Put these measurement frameworks into practice and track your incrementality and ROAS from day one with Axon’s built-in attribution tools.

Challenges and Next Steps for DTC Teams

Common performance-based advertising pitfalls include over-reliance on retargeting instead of prospecting, limited creative testing, and attribution gaps between platforms. These issues share a common root, which is treating performance-based channels like traditional social platforms instead of recognizing their unique strengths. Success requires commitment to new customer acquisition metrics and creative development tailored to extended attention formats.

The performance-based advertising landscape keeps evolving as retail media and affiliate marketing converge, while traffic quality outpaces volume as the primary metric across networks.

DTC brands that have hit growth ceilings on traditional channels can use performance-based advertising as a measurable path to diversification. Pay-for-results models, access to new audiences, and extended creative formats together address core challenges facing e-Commerce growth in 2026.

Frequently Asked Questions

Do I need to create new ads for performance-based advertising platforms?

You can start with existing 9×16 vertical video assets from Meta Reels or Stories. To improve performance-based advertising results, create 30-60 second videos that use extended attention spans unavailable on social feeds. This longer format supports complete brand storytelling and stronger intent creation, which often leads to higher conversion rates and stronger ROAS.

How long does performance-based advertising take to show results?

Modern AI-based advertising platforms that use predictive modeling can show meaningful performance data within days instead of weeks. Faster feedback enables rapid scaling decisions and quicker budget shifts. Traditional platforms often require longer optimization periods before performance stabilizes.

What ROAS should I expect from performance-based advertising?

ROAS varies by industry, product margins, and platform. e-Commerce brands typically see 2.87:1 average ROAS across all channels, while top-performing campaigns can reach 4:1 or higher. Mobile gaming environments frequently outperform averages because of high user engagement and strong purchasing intent.

How do I measure incrementality in performance-based advertising?
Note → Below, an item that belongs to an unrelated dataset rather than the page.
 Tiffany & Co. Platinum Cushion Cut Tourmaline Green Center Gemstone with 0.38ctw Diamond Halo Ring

Use geo-lift studies, conversion lift tools, or third-party attribution platforms such as Northbeam and Triple Whale to confirm incremental growth. These tools separate new customers acquired through performance-based advertising from customers who would have purchased through existing channels. Accurate incrementality measurement ensures advertising spend supports real business growth instead of channel cannibalization.
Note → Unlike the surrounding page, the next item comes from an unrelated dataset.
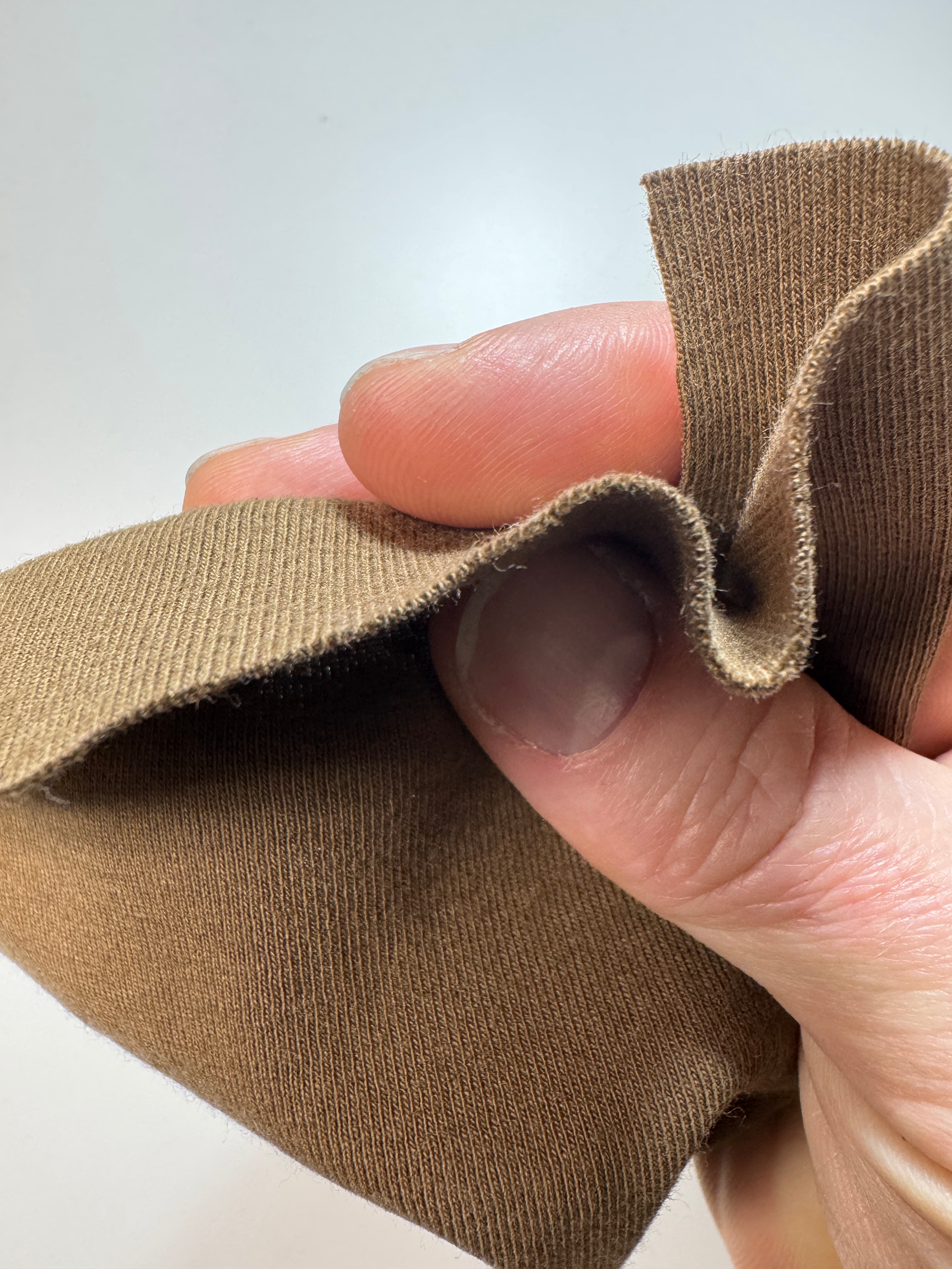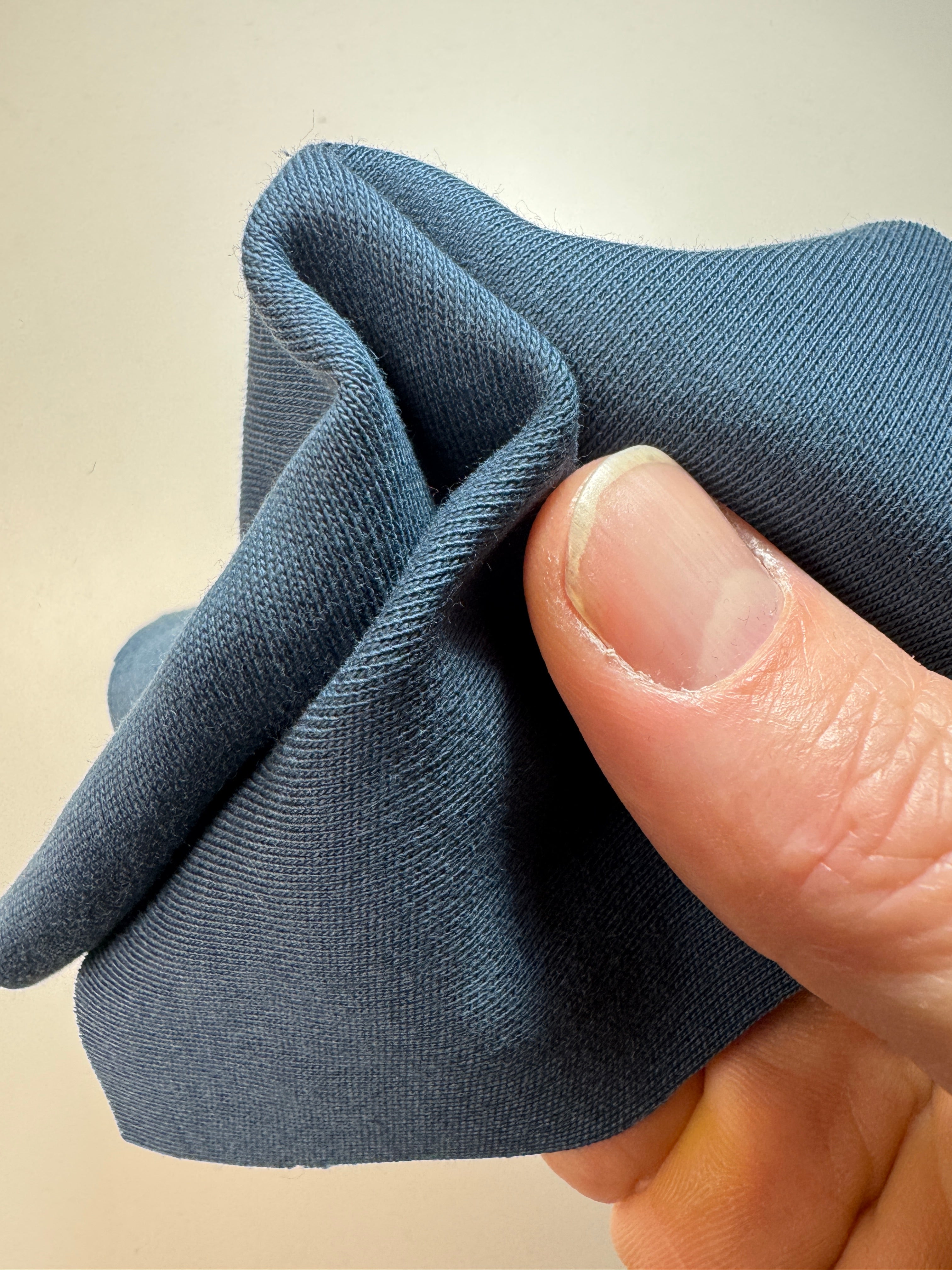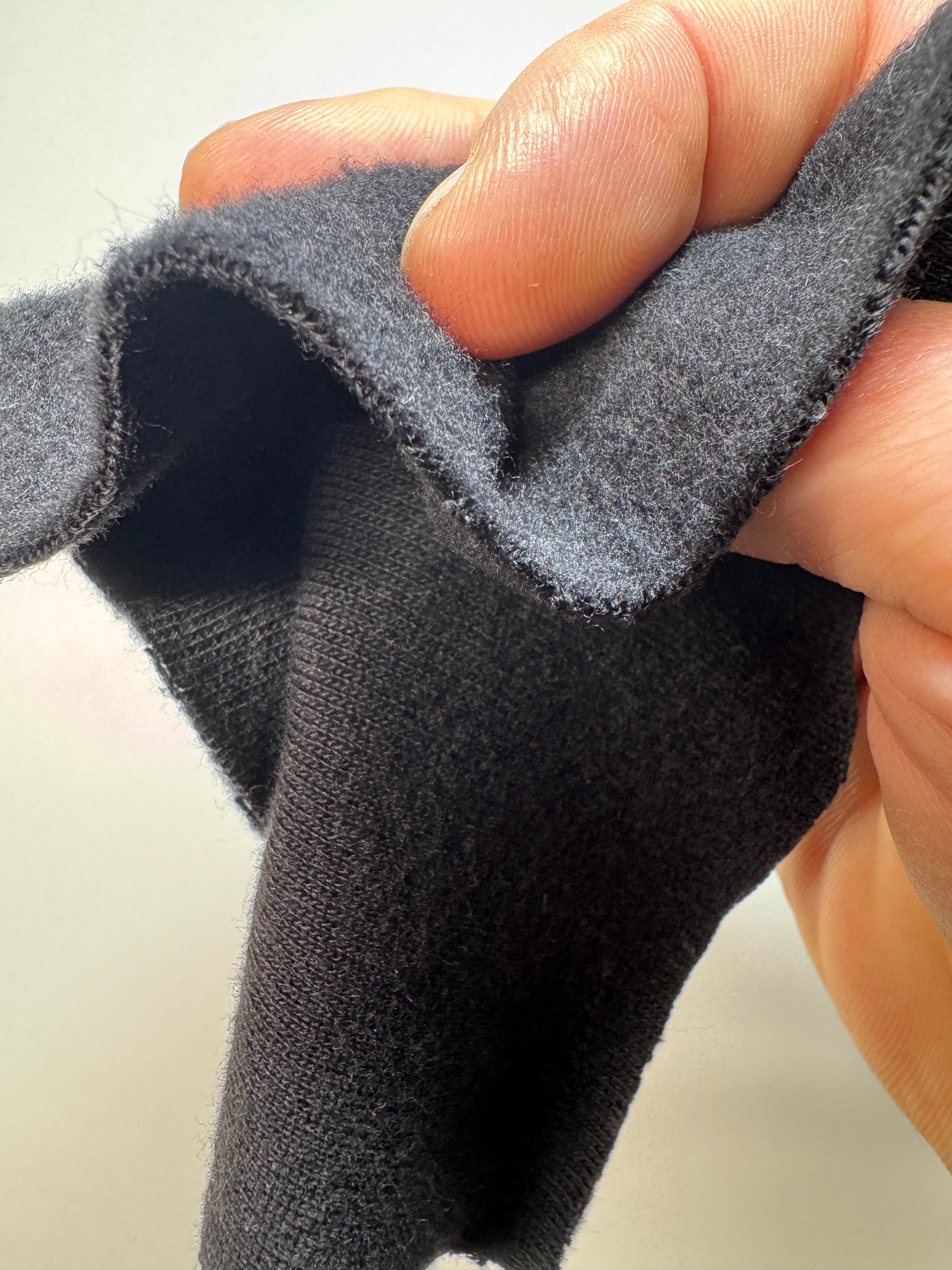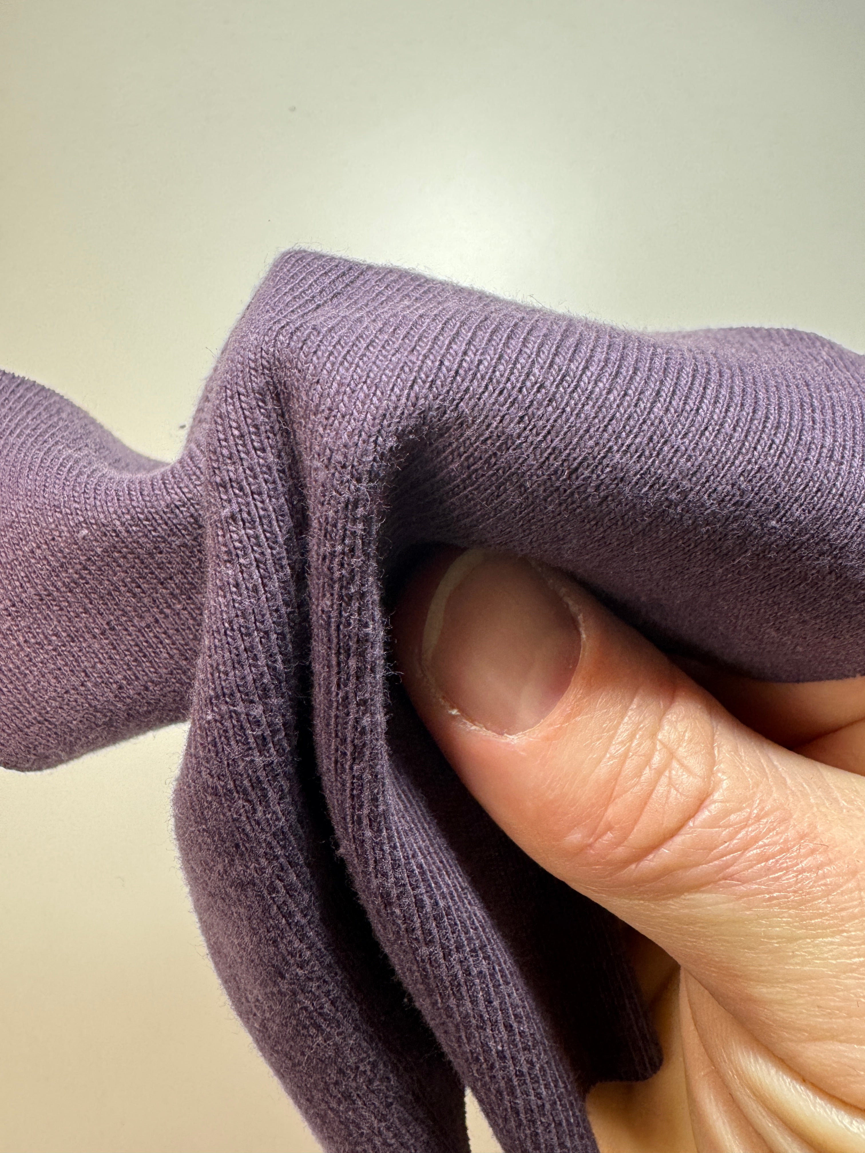 - Hand Feel: Soft on both sides, slightly ribbed when stretched

What budget should I allocate to performance-based advertising?

Allocate 10-20% of total advertising budget to test new performance-based channels while you maintain successful existing campaigns. After you validate incrementality and ROAS targets, increase allocation based on performance data. Many successful DTC brands eventually dedicate 30-50% of their media mix to performance-based advertising once it proves incremental value and stronger efficiency than saturated traditional channels.